Thousands of protesters from rival civic groups faced off in Mongolia 's capital on Tuesday as hundreds of police intervened to prevent minor scuffles from escalating. A gathering of 1,500 pro-government protesters dispersed after briefly confronting about 2,000 demonstrators gathered in the city's central square. Police intervened to halt any violence between the groups.
There were no signs anyone was injured or that any of the protesters were detained by police. Demonstrators have been camped in the central square for days to highlight their opposition to the government's handling of a Canadian firm's mining contract. They plan to take "extreme action" if their demands are not met by April 18, said S. Ganbaatar, an environmental activist with the Radical Reform Movement, one of several civic groups claiming to represent the poor and unemployed.
Those groups are demanding that the government resign if it cannot negotiate favorable terms from Ivanhoe Mines Ltd. over the Vancouver , British Columbia registered-company's concession to mine a huge copper deposit in the southern Gobi region. In particular, the protesters want Mongolia to retain 51 percent ownership of the mine.

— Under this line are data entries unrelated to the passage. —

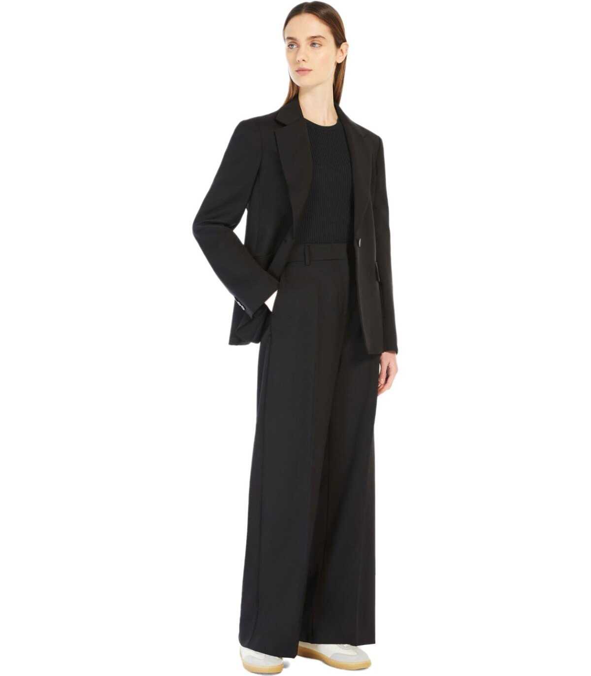 Max Mara Weekend palazzo trousers made of high-quality stretch wool fabric in black. Characterized by a high waistband closure, it features a zip with a flap and a hook. Equipped with French pockets on the sides and welt pockets on the back with a button. Wide leg with a pressed crease pattern. Generous fit, relaxed fit.
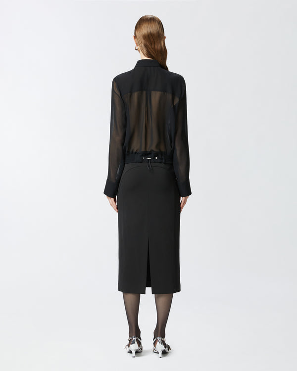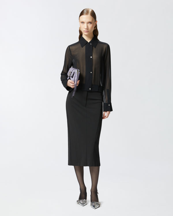 Camicia da donna realizzata in leggerissima georgette e caratterizzata da una particolare silhouette che ricorda le giacche bomber: taglio corto, maniche a giro con polsino, elastico a fondo capo e chiusura con patta e bottoni automatici in metallo. Il dettaglio di coulisse regolabile inserita a fondo capo, visibile sul retro, permette di raccogliere maggiormente il volume, per personalizzare la portata della camicetta. Il capo reinterpreta con originalità e stile un classico del guardaroba come la camicia da donna, dando ancora più carattere ai tuoi look primaverili.
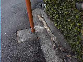 真ん中に写っている橙色の棒はロードミラーの支柱である。そこに、なぜか、枯れ木がヒモでつながれている。???
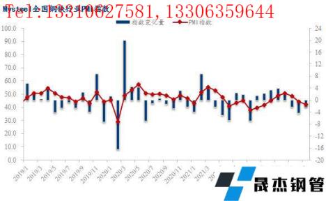 2022年5月份全国钢铁行业PMI为42.0%,环比回落2.3个百分点,连续三个月低于荣枯线。分指标来看,本月新订单、新出口订单、积压订单、出厂价格、原料采购价指数均大幅回落,仅产出、原材料库存指数小幅回升,但仍处于荣枯线下方,显示了5月份国内钢铁行业呈现供需两弱的低迷态势运行。具体来看,5月份国内疫情仍呈多点散发态势,继续拖累终端需求释放,同时宏观经济数据显示投资消费信心不足、国内经济面临较大下行压力,导致市场悲观情绪蔓延,国内厚壁无缝钢管价格持续下行,无缝厚壁钢管厂家生产盈利快速收窄,尤其是短流程无缝厚壁钢管厂家面临全线亏损,无缝厚壁钢管厂家供给释放受到抑制。面对即将到来的6月份,国内钢价能否止跌企稳,下面笔者从PMI各项指数进行分析解读。
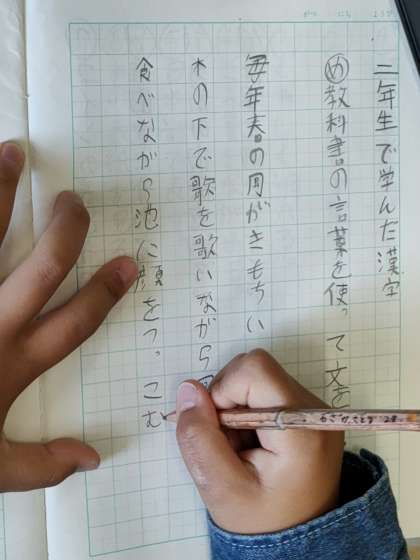 そこで、今日は復習です。復習は教科書に紹介されている漢字を使って、文章を作ってみるという学習です。
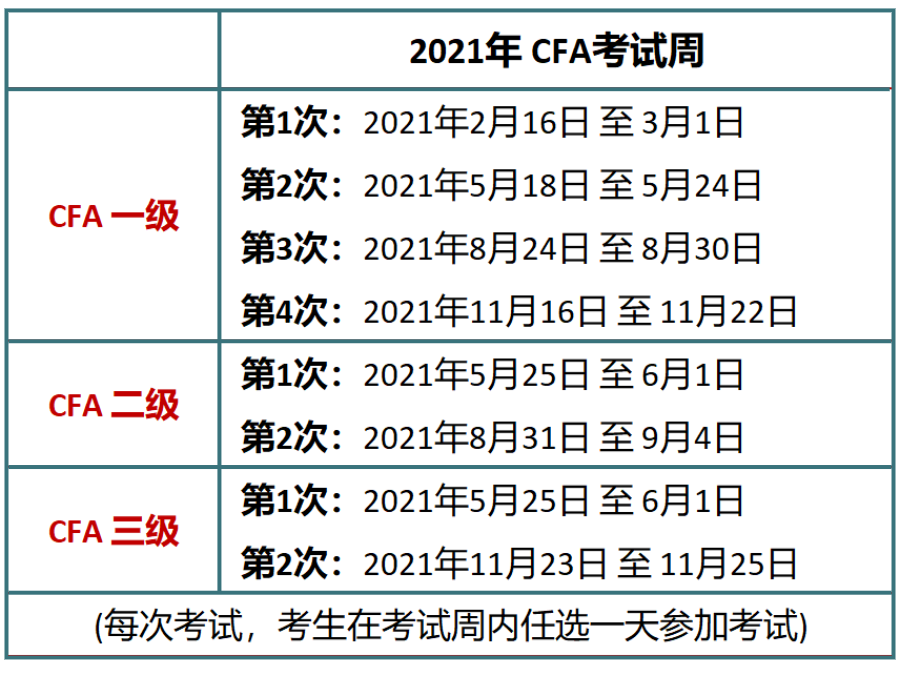 但是从2021年开始,每次CFA机考的考试时间都改为了“考试周”。例如报考2021年2月CFA一级考试的同学,可以选择在2021年2月CFA机考 考试周 (2021年2月23日 – 2021年3月1日) 中的任意一天参加考试。

Their rivals, members of nationalist groups and student organizations, many of them wearing blue scarves symbolizing Mongolian patriotism, say they favor political stability.
"Do not push the country into anarchy!" they shouted as they marched toward the central square. "Let's sit down and talk," they said. Some 500 police and troops were guarding Government House, the main government headquarters and legislature which is adjacent to the central square.
Police were checking vehicles near the square to prevent protesters from bringing in more materials to build tents and traditional-style huts called ger, trying to limit the growth of a tent camp erected in the central square by the protesters. The protests are a challenge to a parliamentary government installed less than three months ago and to President Nambaryn Enkhbayar, who has been criticized for not remedying corruption and poverty in the resource-rich but impoverished country.
Ivanhoe currently holds a long-term mining license for the site, known as Oyu Tolgoi, or "Turquoise Hill," and is negotiating the terms for development as part of a "stability agreement" with the government. There have been no accusations that Ivanhoe has acted improperly in the project. The company has defended itself, saying its investment helps boost the Mongolian economy, reports the AP.